AMAT has a very strong balance sheet. Cash and equivalents are $5.9 billion which is enough to pay all liabilities an still have nearly a $1 billion surplus.
| October 31,|
|Cash and cash equivalents||5,960||1,858|
|Total current assets||10,355||6,765|
|Total current liabilities||2,794||2,888|
|Total stockholders' equity||8,800||7,536|
|Total liabilities and stockholders' equity||13,861||10,943|
Also, this is not something new. AMAT never had a debt/equity ratio of greater than 0.07 (except in the current quarter, which is 0.23) in the last decade. The high debt/equity in the current quarter is due to an all-cash purchase of Varian for $4.5 billion.
AMAT has a strong history of buybacks.
|Stock Bought Back||-||-0.41%||2.53%||-3.61%||3.87%||5.91%||9.68%||3.82%||3.11%||-1.16%|
There has been a 20% decline in the shares outstanding since 2001. The company has a running buyback policy until March 2013 of $2 billion. In this fiscal year the company bought back $468 million worth of shares.
The company acquired Varian for the price of $4.5 billion. It expects to make sales of $1.5 billion by this acquisition. Varian has maintained a net margin of around 20% (2010 and second quarter 2011). Using the P/S and P/E or 10, AMAT has overpaid by nearly 50% for this acquisition.
For the first quarter of fiscal 2012, and including the impact of the recent acquisition of Varian Semiconductor Equipment, Applied expects net sales to be down 5% to 15% sequentially. The company expects non-GAAP EPS to be in the range of $0.08 to $0.16. The non-GAAP EPS outlook excludes known charges related to completed acquisitions of approximately $0.10 per share but does not exclude other non-GAAP adjustments that may arise subsequent to this release.

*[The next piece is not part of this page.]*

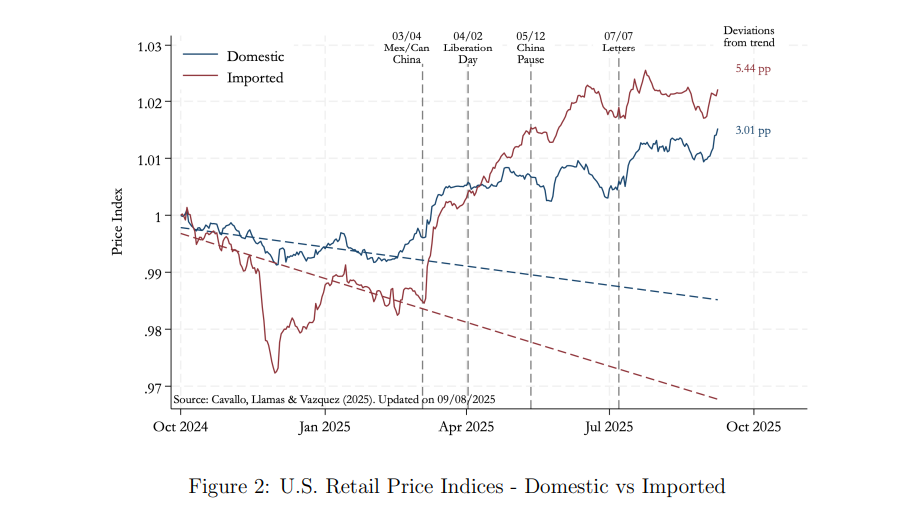 新的学习美国物价调查发现,关税使进口商品的价格比原本应有的价格高出 5.44%。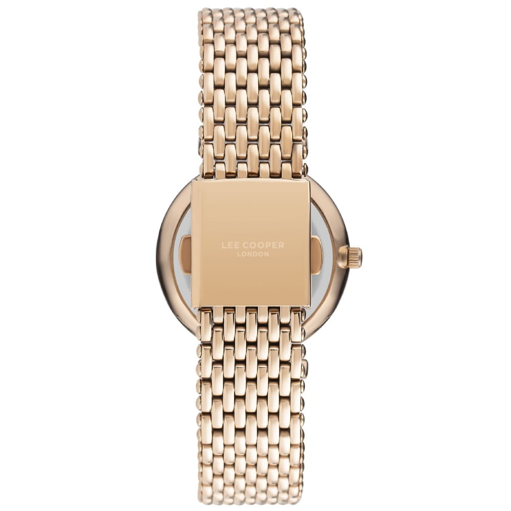 Женские наручные часы Lee Cooper LC07410.130 — это элегантная модель с утончённым дизайном. Корпус диаметром 33 мм выполнен из нержавеющей стали с IP-покрытиемIP-покрытиеМетод ионного напыления. Демонстрирует повышенную устойчивость к истиранию, окислению и химическим веществам. Под воздействием высокого давления и температуры около 1500°C молекулы металла надёжно соединяются с частицами корпуса часов., что придаёт часам изысканный вид. Перламутровый циферблат украшен изящными метками из кристаллов и стрелками, обеспечивая удобное считывание времени. Циферблат защищён минеральным стекломМинеральное стеклоМинеральное стекло представляет собой искусственно выращенный минерал кварца. Такое стекло отличается особой устойчивостью к повреждениям и царапинам. Уступает по некоторым качествам сапфировому стеклу., устойчивым к царапинам. Часы работают на кварцевом механизме, обеспечивая точность хода. Браслет из нержавеющей стали с раскладной застёжкойРаскладная застёжкаТакой тип застёжки используется только на браслетах из металла. Она никогда не раскрывается полностью, происходит разделение на 2 и более частей. Раскладывающая застёжка снизит вероятность потери часов к минимуму. гарантирует комфортное ношение и надёжную фиксацию на запястье. Водозащита 30 метров защищает часы от случайных брызг и дождя, делая их подходящими для повседневного использования.

AMAT is tied hand and foot to the vagaries of the semiconductor industry.
In the last decade, the company never had a negative FCF. Following is the table relevant to our valuation quest. The current stock price of $11.41 implies that the market is expecting AMAT to shrink its FCF at the rate of -7%.
Comparing AMAT to its competitors we see that AMAT is the cheapest and the most shareholder friendly across the industry.
Forgetting the fancy calculations, the company sells for $15 billion as of today ($11.34 per share). After paying all its liabilities, the company will have left over current assets of $5 billion. So, in effect AMAT is selling for $10 billion and has $2 billion in FCF and $11 billion in sales (with 20% net margin). Whichever way you cut it, this is pretty cheap,
Conclusion I conclude with the following table.
|Shareholder friendliness||Running buyback and 2.6% yield|
|Balance sheet||Rock solid|
We see that AMAT is doing quite well by buying back shares and I will look towards buying more of the stock if it gets down to $9 or so. With the next quarter outlook of EPS in the range $0.08-$0.16, I would expect the shares to hit the price in the next few months. I would also remind the risk of the cyclicality of the industry, so be aware of it before jumping in.